> _Problem statement_:
Every entry must be echoed exactly.

──────────

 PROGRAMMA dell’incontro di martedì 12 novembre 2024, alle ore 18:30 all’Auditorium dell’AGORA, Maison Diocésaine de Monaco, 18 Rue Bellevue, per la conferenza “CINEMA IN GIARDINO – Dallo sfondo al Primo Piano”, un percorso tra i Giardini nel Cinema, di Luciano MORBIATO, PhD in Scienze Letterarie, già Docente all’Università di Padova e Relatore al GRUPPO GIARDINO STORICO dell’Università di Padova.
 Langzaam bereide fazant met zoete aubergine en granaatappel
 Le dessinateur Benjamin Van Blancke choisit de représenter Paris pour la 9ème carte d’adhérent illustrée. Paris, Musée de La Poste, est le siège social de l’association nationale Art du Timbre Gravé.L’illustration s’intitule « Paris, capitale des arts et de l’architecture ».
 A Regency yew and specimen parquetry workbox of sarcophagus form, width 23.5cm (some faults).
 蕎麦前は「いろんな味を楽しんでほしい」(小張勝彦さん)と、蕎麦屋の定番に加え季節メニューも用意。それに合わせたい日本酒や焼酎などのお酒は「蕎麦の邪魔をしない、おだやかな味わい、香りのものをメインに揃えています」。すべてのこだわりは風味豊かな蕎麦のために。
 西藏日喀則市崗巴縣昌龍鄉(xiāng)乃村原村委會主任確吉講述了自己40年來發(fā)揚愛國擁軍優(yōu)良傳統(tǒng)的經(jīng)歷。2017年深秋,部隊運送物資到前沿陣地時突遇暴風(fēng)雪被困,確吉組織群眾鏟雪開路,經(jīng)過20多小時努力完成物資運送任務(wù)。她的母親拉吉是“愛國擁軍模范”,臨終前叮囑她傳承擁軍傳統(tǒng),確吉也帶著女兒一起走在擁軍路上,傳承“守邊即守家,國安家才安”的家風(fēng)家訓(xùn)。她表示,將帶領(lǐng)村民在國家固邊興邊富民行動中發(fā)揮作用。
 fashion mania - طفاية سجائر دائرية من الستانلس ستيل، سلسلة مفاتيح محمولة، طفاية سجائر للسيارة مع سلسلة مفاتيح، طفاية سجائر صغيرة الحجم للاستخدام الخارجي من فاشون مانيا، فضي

──────────

> _Expected output_:
 PROGRAMMA dell’incontro di martedì 12 novembre 2024, alle ore 18:30 all’Auditorium dell’AGORA, Maison Diocésaine de Monaco, 18 Rue Bellevue, per la conferenza “CINEMA IN GIARDINO – Dallo sfondo al Primo Piano”, un percorso tra i Giardini nel Cinema, di Luciano MORBIATO, PhD in Scienze Letterarie, già Docente all’Università di Padova e Relatore al GRUPPO GIARDINO STORICO dell’Università di Padova.
 Langzaam bereide fazant met zoete aubergine en granaatappel
 Le dessinateur Benjamin Van Blancke choisit de représenter Paris pour la 9ème carte d’adhérent illustrée. Paris, Musée de La Poste, est le siège social de l’association nationale Art du Timbre Gravé.L’illustration s’intitule « Paris, capitale des arts et de l’architecture ».
 A Regency yew and specimen parquetry workbox of sarcophagus form, width 23.5cm (some faults).
 蕎麦前は「いろんな味を楽しんでほしい」(小張勝彦さん)と、蕎麦屋の定番に加え季節メニューも用意。それに合わせたい日本酒や焼酎などのお酒は「蕎麦の邪魔をしない、おだやかな味わい、香りのものをメインに揃えています」。すべてのこだわりは風味豊かな蕎麦のために。
 西藏日喀則市崗巴縣昌龍鄉(xiāng)乃村原村委會主任確吉講述了自己40年來發(fā)揚愛國擁軍優(yōu)良傳統(tǒng)的經(jīng)歷。2017年深秋,部隊運送物資到前沿陣地時突遇暴風(fēng)雪被困,確吉組織群眾鏟雪開路,經(jīng)過20多小時努力完成物資運送任務(wù)。她的母親拉吉是“愛國擁軍模范”,臨終前叮囑她傳承擁軍傳統(tǒng),確吉也帶著女兒一起走在擁軍路上,傳承“守邊即守家,國安家才安”的家風(fēng)家訓(xùn)。她表示,將帶領(lǐng)村民在國家固邊興邊富民行動中發(fā)揮作用。
 fashion mania - طفاية سجائر دائرية من الستانلس ستيل، سلسلة مفاتيح محمولة، طفاية سجائر للسيارة مع سلسلة مفاتيح، طفاية سجائر صغيرة الحجم للاستخدام الخارجي من فاشون مانيا، فضي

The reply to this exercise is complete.